What you will do:
Set down only these lines, exactly: the line containing "In such an embodiment, as" and all lines through the end of the data below. Omit pictures.
** Opening Provided material block **
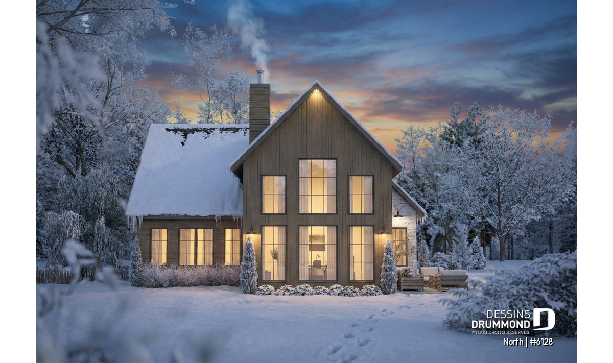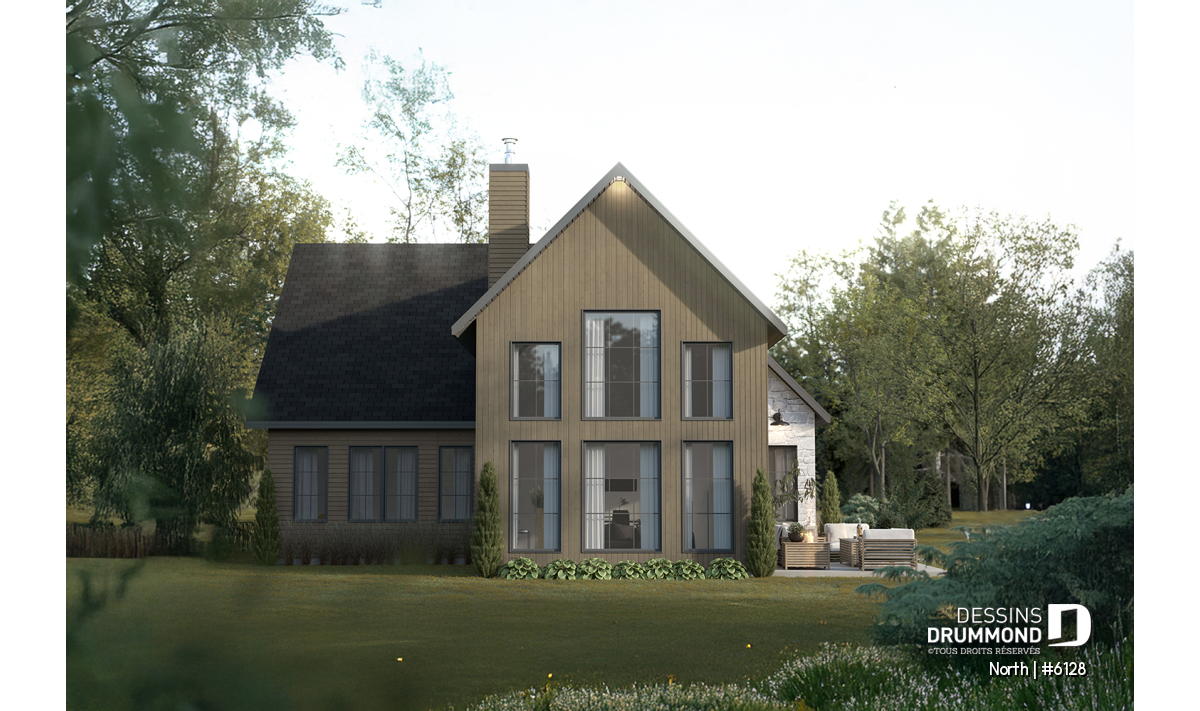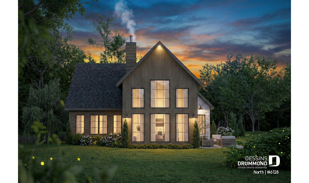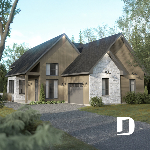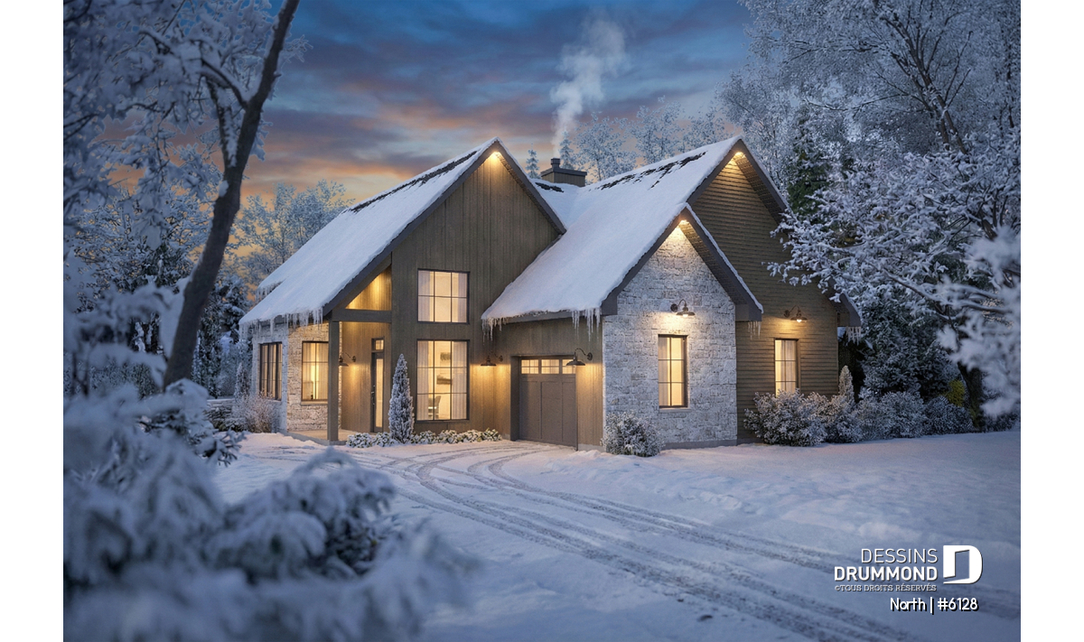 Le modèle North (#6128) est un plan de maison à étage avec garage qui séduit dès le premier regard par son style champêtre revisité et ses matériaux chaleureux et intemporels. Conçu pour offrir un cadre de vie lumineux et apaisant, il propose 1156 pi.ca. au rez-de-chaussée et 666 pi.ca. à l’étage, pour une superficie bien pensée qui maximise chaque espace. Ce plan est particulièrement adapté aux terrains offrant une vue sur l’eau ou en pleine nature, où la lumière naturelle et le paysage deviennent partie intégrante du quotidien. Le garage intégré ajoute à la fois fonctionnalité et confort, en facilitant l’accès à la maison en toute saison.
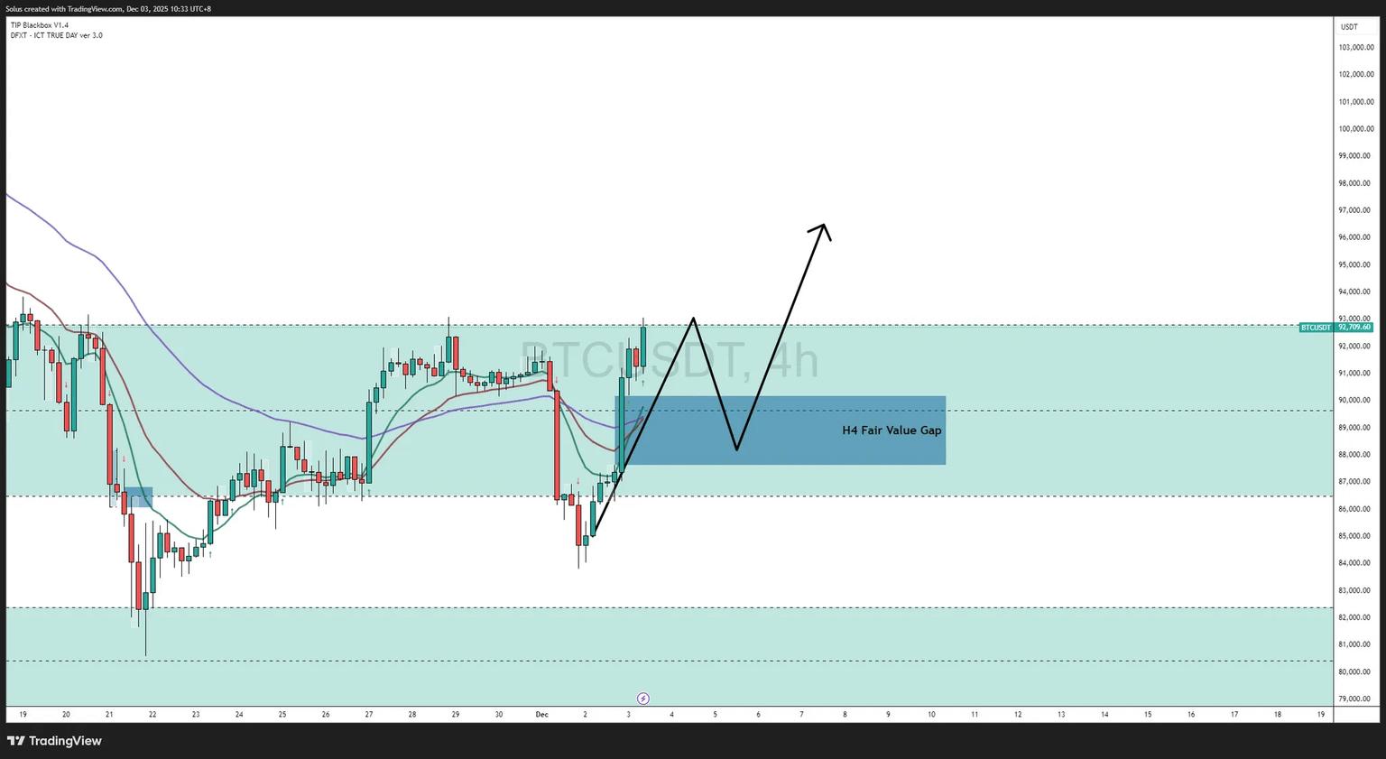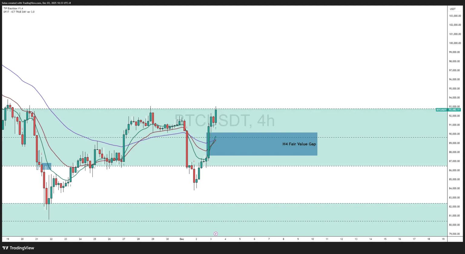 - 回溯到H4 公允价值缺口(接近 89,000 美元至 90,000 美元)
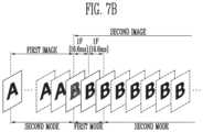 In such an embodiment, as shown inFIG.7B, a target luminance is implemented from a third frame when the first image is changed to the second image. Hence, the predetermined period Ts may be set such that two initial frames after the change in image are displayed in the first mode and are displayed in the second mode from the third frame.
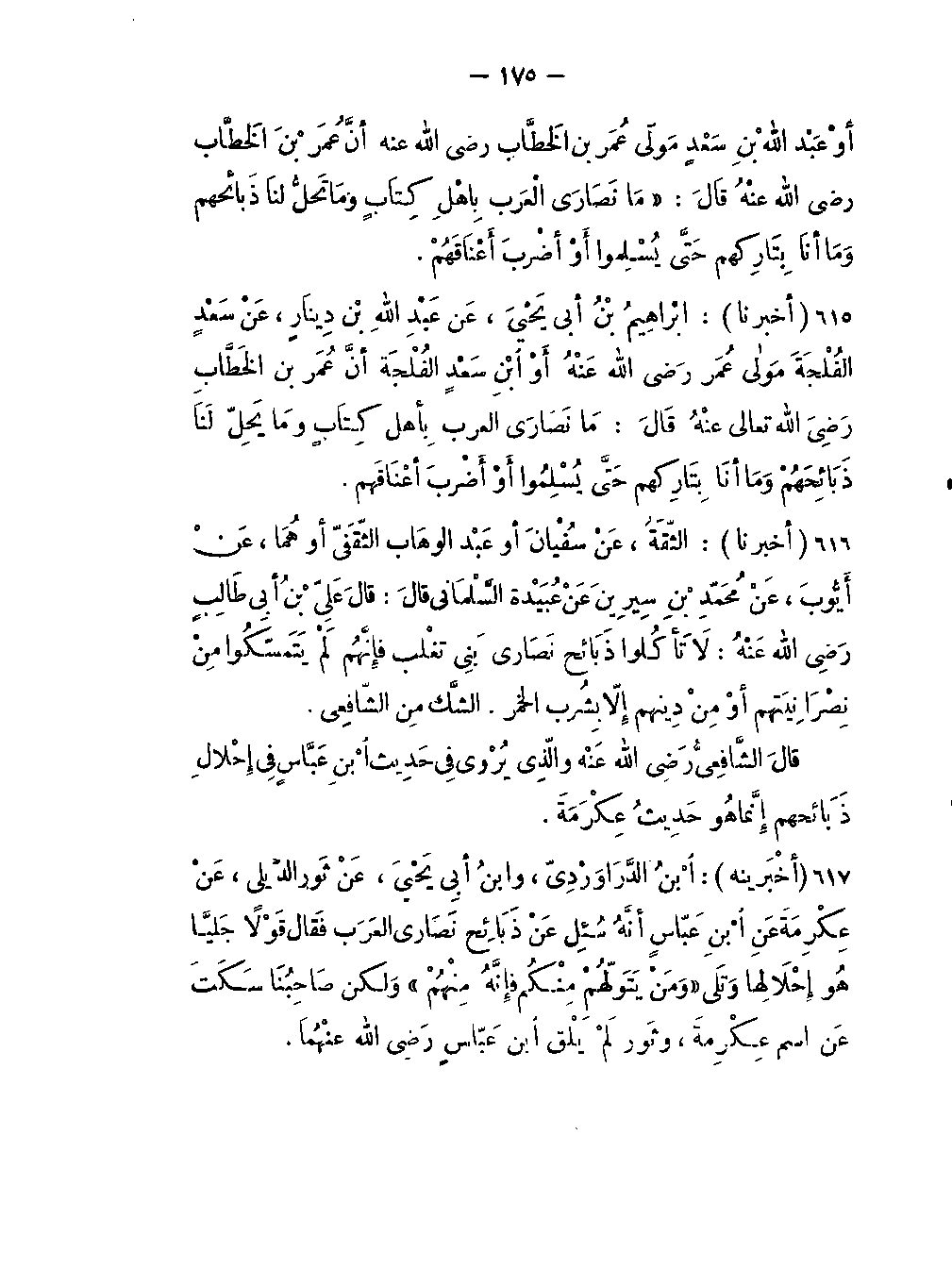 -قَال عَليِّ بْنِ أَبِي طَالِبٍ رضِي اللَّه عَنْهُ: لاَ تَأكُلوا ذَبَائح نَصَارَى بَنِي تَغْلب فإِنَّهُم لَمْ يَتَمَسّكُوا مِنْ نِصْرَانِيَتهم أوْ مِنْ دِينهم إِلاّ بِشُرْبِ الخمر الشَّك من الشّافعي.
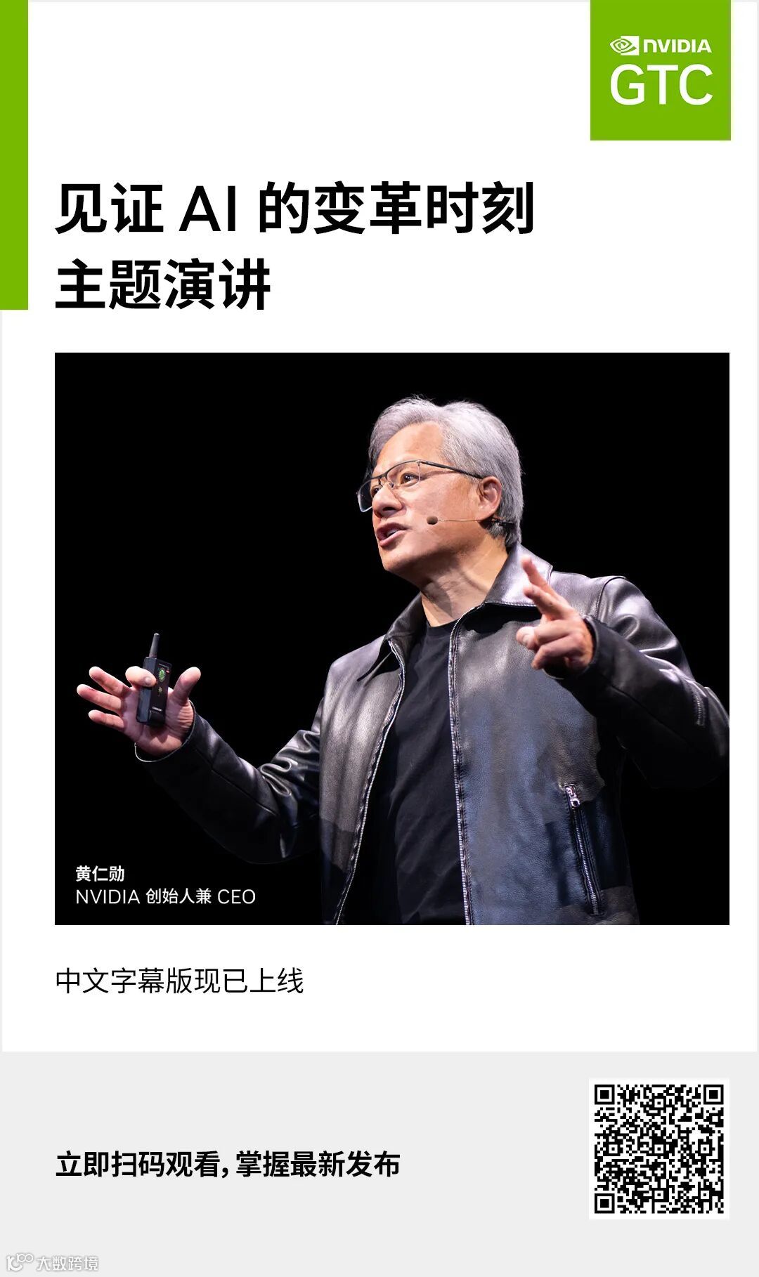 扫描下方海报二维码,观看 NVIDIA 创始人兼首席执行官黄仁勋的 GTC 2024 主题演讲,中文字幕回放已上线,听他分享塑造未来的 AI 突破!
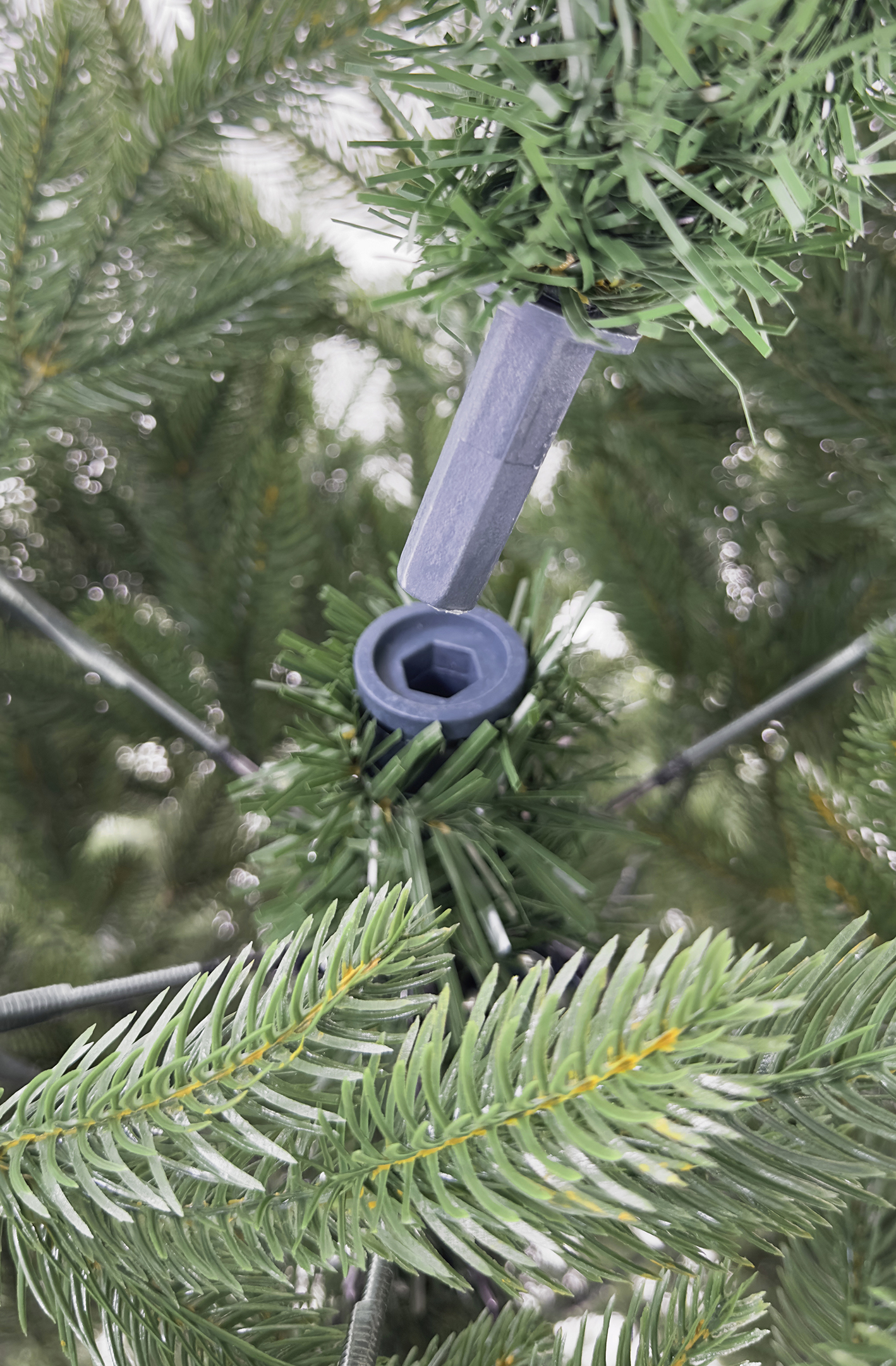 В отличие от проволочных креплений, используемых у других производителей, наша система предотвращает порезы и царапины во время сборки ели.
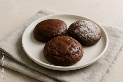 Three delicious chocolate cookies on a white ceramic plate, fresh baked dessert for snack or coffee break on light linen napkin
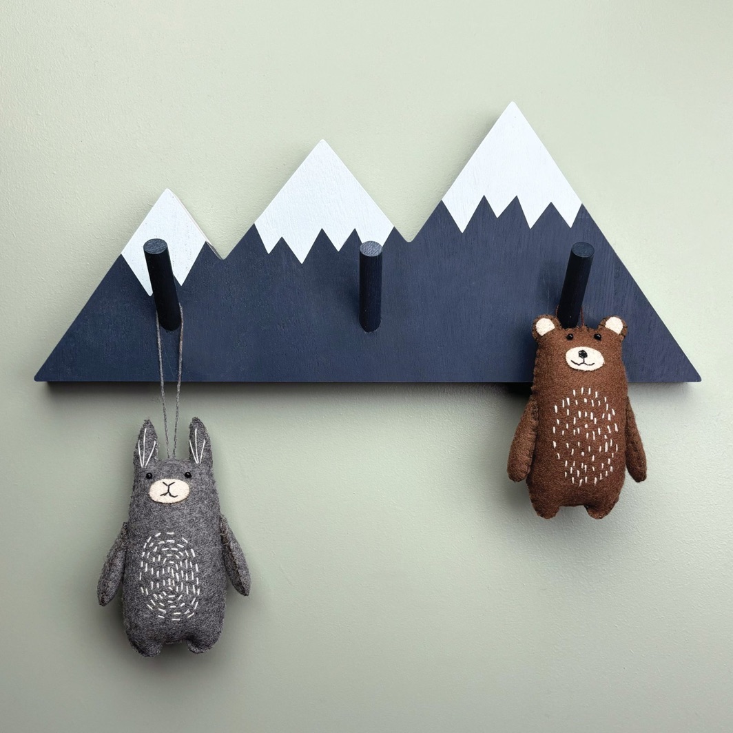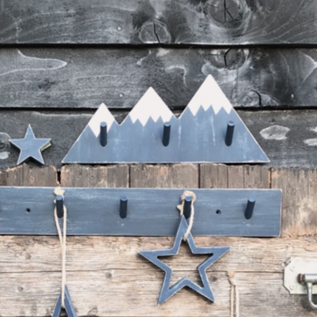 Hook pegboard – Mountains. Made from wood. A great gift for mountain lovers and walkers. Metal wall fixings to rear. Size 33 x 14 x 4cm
** Closing Provided material block **
Problem solution:
 In such an embodiment, as shown inFIG.7B, a target luminance is implemented from a third frame when the first image is changed to the second image. Hence, the predetermined period Ts may be set such that two initial frames after the change in image are displayed in the first mode and are displayed in the second mode from the third frame.
 -قَال عَليِّ بْنِ أَبِي طَالِبٍ رضِي اللَّه عَنْهُ: لاَ تَأكُلوا ذَبَائح نَصَارَى بَنِي تَغْلب فإِنَّهُم لَمْ يَتَمَسّكُوا مِنْ نِصْرَانِيَتهم أوْ مِنْ دِينهم إِلاّ بِشُرْبِ الخمر الشَّك من الشّافعي.
 扫描下方海报二维码,观看 NVIDIA 创始人兼首席执行官黄仁勋的 GTC 2024 主题演讲,中文字幕回放已上线,听他分享塑造未来的 AI 突破!
 В отличие от проволочных креплений, используемых у других производителей, наша система предотвращает порезы и царапины во время сборки ели.
 Three delicious chocolate cookies on a white ceramic plate, fresh baked dessert for snack or coffee break on light linen napkin
 Hook pegboard – Mountains. Made from wood. A great gift for mountain lovers and walkers. Metal wall fixings to rear. Size 33 x 14 x 4cm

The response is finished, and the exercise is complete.